Referring now in addition to FIG. 3, reductant tank 21 may include a header 29 with an annular surface that receives the open end of sock filter 24. Although other strategies could fall within the scope of the present disclosure, in the illustrated embodiment, sock filter 24 is attached to header 29 with a suitable clamp 36. As a reductant dosing system 20 operates over many cycles of being emptied and refilled with reductant 37, the dirt and debris entering inlet volume 25 will eventually begin to degrade the permeability of sock filter 24. When the permeability is sufficiently degraded, the dosing rate at injector 34 may exceed the rate at which reductant can flow from inlet volume 25 through filter 24 and into outlet volume 26. An example circumstance in which a filter permeability condition exists is shown, for example, in FIG. 4. Thus, when a filter permeability condition exists, the reductant dosing system 20 may continue to be fully operational without any degraded performance. In prior art systems, this system permeability condition would go undetected and unnoticed. The present disclosure insightfully recognizes that if the filter permeability condition can be detected while the reductant system is fully operational, maintenance on the reductant system 20 can be scheduled at a convenient time to replace filter 24 before the filter permeability condition becomes so severe that an actual system fault Occurs.
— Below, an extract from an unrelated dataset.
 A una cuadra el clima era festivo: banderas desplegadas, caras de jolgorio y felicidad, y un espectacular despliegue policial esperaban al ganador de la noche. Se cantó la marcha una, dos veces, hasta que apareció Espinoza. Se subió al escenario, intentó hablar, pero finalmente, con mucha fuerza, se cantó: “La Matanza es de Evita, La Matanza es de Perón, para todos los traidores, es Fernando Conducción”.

If electronic controller 23 and pump 31 are unable to maintain system pressure above some minimum injection pressure, a system fault will be generated and the reductant dosing system may be disabled. Other fault modes (e.g. plugged injector) are known to those skilled in the art. A sudden system fault can require that the machine 10 be shut down for immediate and costly maintenance at an unscheduled time disrupting worksite organization and undermining productivity. While reductant dosing systems may be on some regular maintenance schedule that does or does not take into account the environment in which the machine 10 is operating, detection of a filter permeability condition according to the present disclosure can provide early warning of a forthcoming system fault while the reductant system 20 remains fully operational. Thus, electronic controller 23 may include a reductant system fault algorithm configured to log a reductant system fault responsive to pressure in fluid circuit 30 of reductant system 20 falling to less than a dosing pressure threshold necessary for proper operation of injector 34. The reductant system fault algorithm may be configured to disable the reductant system 20 responsive to the reductant system fault. In contrast, electronic controller 23 may be configured to maintain the reductant system 20 operational responsive to a filter permeability condition.
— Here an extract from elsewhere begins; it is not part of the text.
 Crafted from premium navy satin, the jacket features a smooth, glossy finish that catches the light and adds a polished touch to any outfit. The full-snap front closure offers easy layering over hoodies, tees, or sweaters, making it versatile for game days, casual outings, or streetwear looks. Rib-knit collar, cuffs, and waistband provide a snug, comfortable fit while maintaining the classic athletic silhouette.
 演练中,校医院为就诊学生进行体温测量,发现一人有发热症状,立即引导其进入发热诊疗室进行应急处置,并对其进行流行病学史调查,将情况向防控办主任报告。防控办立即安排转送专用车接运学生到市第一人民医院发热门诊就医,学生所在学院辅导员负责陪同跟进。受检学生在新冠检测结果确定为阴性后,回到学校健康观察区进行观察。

The filter status algorithm according to the present disclosure may be configured to determine a time rate of change in the tank level data communicated by float sensor 22. The filter status algorithm may be configured to log a filter permeability condition responsive to the time rate of change in the tank level data being greater than an expected time rate of change while reductant 37 is being dosed from injector 34 into exhaust pipe 17 of engine 15. In general, electronic controller 23 should know the reductant dosing rate and can estimate the rate at which the tank level should fall responsive to that dosing rate. However, if a filter permeability condition exists, the fluid level in outlet volume 26 may fall faster than the tank level ought to fall responsive to that dosing rate. This condition, for instance is illustrated in FIG. 4. When this occurs, a filter permeability condition is detected, and the operator may be alerted in a suitable manner so that changing of the sock filter 24 may be added to the next regular servicing agenda of machine 10, in order to avoid unscheduled down time and potentially proactively prevent a future system fault.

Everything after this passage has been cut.